Because of this, Janice is perhaps more sinister than Regina George, as she unsuspectingly manipulates Cady into bringing down Regina without ever having to apologize, repent, or change her behavior. It's also important to note, Janice used to be friends with Regina. Their past friendship is an important detail of Janice's character because it gives insight into why and how she is capable of pulling off the elaborate and seemingly impossible task of tearing down the school's top dog. Essentially, the two of them are exactly the same. The only difference is Janice physically presents herself as the anti-Regina. She wears all black, pretends not to care about her appearance, or care about what other people think about her. Janice's persona allows her to remain invisible to people's preconceived ideas of what a mean girl looks like. But just like Regina, Janice is controlling of her friends, passive aggressive towards other girls, and manipulates others to maintain her social status. It's just her social status, compared to Regina's, doesn't place an obvious target on her back.


Despite Janice being the mastermind behind the whole plot of the movie, Regina and Cady bear the responsibility for the destruction they've caused in other people's lives. Cady takes sole accountability for the events that happened throughout the film, even though she was a victim of Janice's manipulation. However, Cady will never be sympathized with because she better fits the stereotype of what a mean girl must look like to be mean. Janice, on the other hand, goes unnoticed by the teachers, administrators, the rest of the student body, and the audience because she doesn't look like a girl we want to villainize. Instead, she looks like the girl everyone wants to root for. Janice appears like the social outcast who we perceive has probably fallen victim to society's unrealistic expectation of women and been bullied by girls who are conventionally more attractive than she is. In reality, all the girls are victims of the same system that pits women against each other and forces them to compete.
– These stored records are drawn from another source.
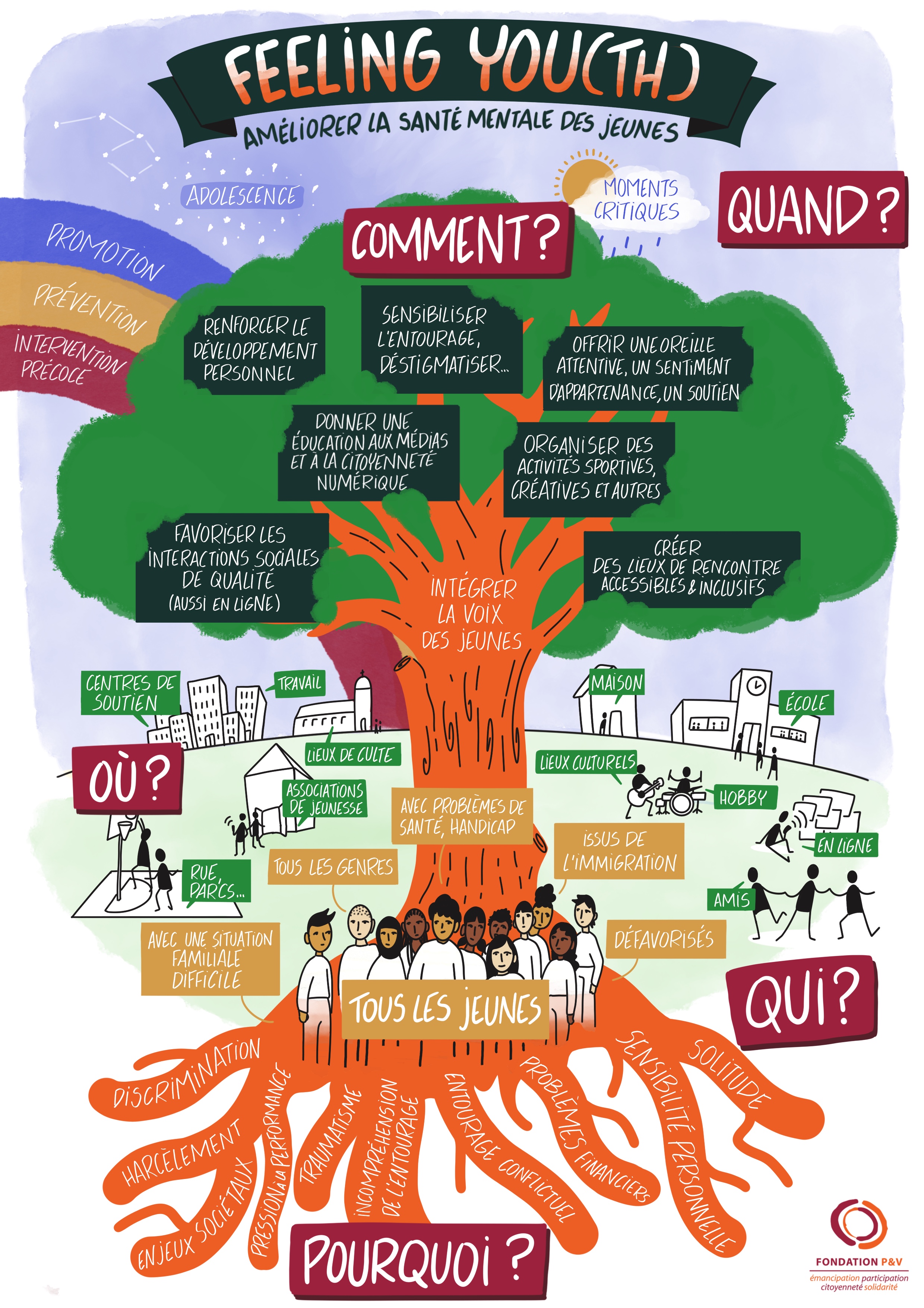 Les jeunes sont confrontés à diverses défis, allant de la pression de performance, des attentes sociales, de la discrimination, du rôle des médias sociaux à la crise climatique. Une intervention précoce (notamment durant l'adolescence et les phases critiques) ainsi que des environnements d'écoute, de soin et de soutien sont cruciaux pour leur développement. Les écoles sont importantes, mais la famille, les groupes d'amis et la communauté au sens large jouent également un rôle clé.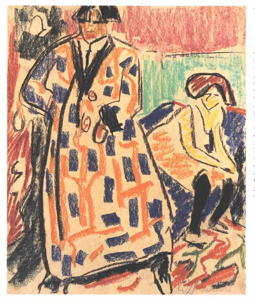 Ti offriamo una riproduzione artigianale su tela dell'opera famosa 'Autoritratto con Modello' di Ernst Ludwig Kirchner, dal Museo delle Riproduzioni.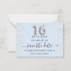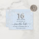 A girly and trendy Save the Date card for a Sweet 16, 16th birthday party. A baby blue background decorated with faux glitter dust. Personalise and add a date and name/age. The text: Save the Date is written with a large trendy hand lettered style script. Number 16 with a balloon style font.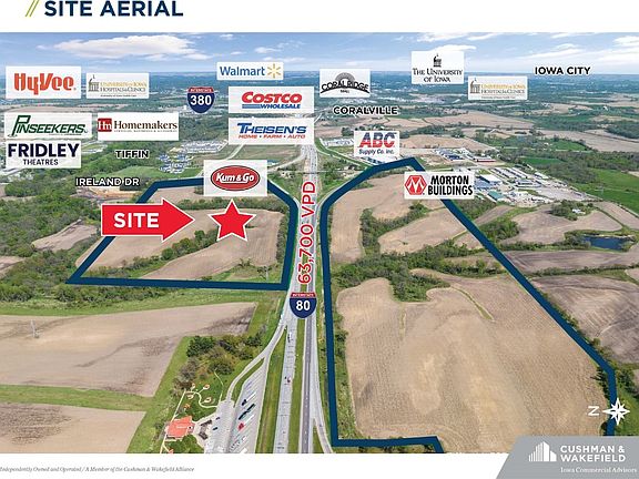 Commercial and industrial land for sale, and/or build-to-suit available in the Tiffin West Development off of the I-80 & I-380 interchange. Ownership includes a licensed real estate agent in the State of Iowa. Lots can be subdivided or combined pending zoning requirements. 156+ AC are available within the development.

However, in the movie and real life, the popular girls are easier to blame because we deem them to be conformists of patriarchy and perpetrators of toxic femininity.


The film subverts the popular mean girl trope by conveying how mean girls are not monolithic. They don't have one look or one type of behavior. Mean girls are everywhere. "Mean Girls" also does well to recognize that being "popular" doesn't make someone inherently bad and being "unpopular" doesn't make someone inherently good. For decades, Rom-Coms and other teen films have fed audiences that faulty narrative that may have caused some girls to be unfairly demonized; while real mean girls, in other forms or cliques, hide under the guise of a "good-guy" trope. To what lengths will a patriarchal society go to pit women against each other? The limit does not exist (sorry, I had to). "Mean Girls" differs from its contemporaries because the movie illustrates how all girls engage in unhealthy competition and meanness towards one another. As Cady learns, every single one of us could do better toward uplifting one another because the system that seeks to tear women down is an illusion. Fake, like plastic.